The other gospel writers have a different message in their telling of the feeding of the 5,000, and they all record that Jesus gave the bread and fish to the disciples who then gave them to the crowds.  In those stories, the disciples served.  In John's version, Jesus served.
 
This is a very significant detail for John.  If the point is that Jesus is the bread, and this is a kind of Communion service, leading into all the talk about bread and eternal life, then there are no intermediaries.  He did not give this gift to an elite group of twelve who then mediate that gift to others.  Jesus gives himself directly to the people, and to us.
 
That is why we frequently say in Disciples churches that this is the Lord's Table.  It does not belong to the church.  It does not belong to the denomination.  It does not belong to the persons at the Table saying the words of Institution.  It belongs to Jesus.
 
And when we come to this Table we meet Jesus directly. He gives himself directly to us that we might believe and have eternal life through him.  We have no right to say who can come to his Table.  We welcome all as Christ as welcomed us.
 
Some people want to put fences around the Table with themselves as the gate keepers.  You cannot come to the Table if you do not belong to that church.
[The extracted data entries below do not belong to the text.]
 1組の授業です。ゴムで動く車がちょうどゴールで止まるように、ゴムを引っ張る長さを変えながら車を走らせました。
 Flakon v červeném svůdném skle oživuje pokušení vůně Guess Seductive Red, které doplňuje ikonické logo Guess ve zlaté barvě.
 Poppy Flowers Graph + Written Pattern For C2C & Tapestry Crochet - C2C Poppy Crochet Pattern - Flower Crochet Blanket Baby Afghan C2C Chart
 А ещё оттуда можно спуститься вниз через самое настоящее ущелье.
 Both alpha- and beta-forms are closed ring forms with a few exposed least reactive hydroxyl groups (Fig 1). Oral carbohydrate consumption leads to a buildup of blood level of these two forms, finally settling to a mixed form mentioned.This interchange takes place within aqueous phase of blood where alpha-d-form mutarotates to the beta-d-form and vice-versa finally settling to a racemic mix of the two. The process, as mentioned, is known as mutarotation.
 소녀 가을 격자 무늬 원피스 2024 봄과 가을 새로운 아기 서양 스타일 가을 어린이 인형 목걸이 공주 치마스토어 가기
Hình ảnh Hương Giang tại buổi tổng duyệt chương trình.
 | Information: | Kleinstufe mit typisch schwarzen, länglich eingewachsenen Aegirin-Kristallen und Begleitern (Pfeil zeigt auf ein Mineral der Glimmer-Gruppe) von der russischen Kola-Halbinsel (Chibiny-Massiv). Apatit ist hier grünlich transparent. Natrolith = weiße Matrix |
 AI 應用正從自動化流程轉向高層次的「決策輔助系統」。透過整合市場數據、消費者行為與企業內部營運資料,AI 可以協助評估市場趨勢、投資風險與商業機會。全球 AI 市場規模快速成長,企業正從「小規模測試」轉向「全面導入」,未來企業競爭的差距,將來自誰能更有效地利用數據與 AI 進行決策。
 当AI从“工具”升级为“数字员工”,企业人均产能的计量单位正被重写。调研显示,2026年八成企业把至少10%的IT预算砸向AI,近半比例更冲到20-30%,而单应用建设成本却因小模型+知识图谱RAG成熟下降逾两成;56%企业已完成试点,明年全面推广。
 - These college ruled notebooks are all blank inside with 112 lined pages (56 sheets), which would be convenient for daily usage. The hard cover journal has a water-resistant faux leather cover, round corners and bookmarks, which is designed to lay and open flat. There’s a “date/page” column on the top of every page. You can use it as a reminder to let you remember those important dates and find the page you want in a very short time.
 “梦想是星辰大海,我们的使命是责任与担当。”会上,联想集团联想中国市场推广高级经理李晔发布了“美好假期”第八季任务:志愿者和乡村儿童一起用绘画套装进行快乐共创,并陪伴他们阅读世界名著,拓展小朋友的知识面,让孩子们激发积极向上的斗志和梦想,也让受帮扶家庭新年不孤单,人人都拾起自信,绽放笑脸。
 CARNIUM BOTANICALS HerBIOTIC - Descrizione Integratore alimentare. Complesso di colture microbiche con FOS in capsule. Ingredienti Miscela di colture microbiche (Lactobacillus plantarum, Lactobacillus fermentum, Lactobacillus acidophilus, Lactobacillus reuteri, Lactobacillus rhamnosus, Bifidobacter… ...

You cannot come to the Table if the wrong person, an unqualified person, is officiating.  You cannot come to the Table if you believe the wrong things about doctrine.
 
But Disciples have proudly proclaimed an Open Table, because it is Jesus who issues the invitation, "Whosoever will may come." 
 
Consider the story I heard about an Easter Sunday in a large prison.  There were more than 10,000 political prisoners detained there by the country's repressive and cruel regime.  A group of prisoners wanted to celebrate the Eucharist, but they had no bread, no wine, no cup, no service book, no Bible and no priest.  The non-Christian prisoners offer to help by gathering around them and talking quietly so that the guards would not notice.
 
One of the Christian prisoners said, "We have no bread, not even water to use as wine, but we will act as though we have."  So he began to lead the others through the liturgy, surprised at how many of the words he remembered, having heard them so many Sundays since he was a child.  When he got to the words Jesus said at the Last Supper, he turned to the prisoner next to him.  He held out his empty hands and said, "This is my body, which is given for you."  And so they went around the circle, one by one, each man turning to the next, opening his palms and repeating Jesus' words, "This is my body, given for you."  Was it Communion?  Sure it was.
 
The only requirement for Communion is that Jesus be present, and he is always there.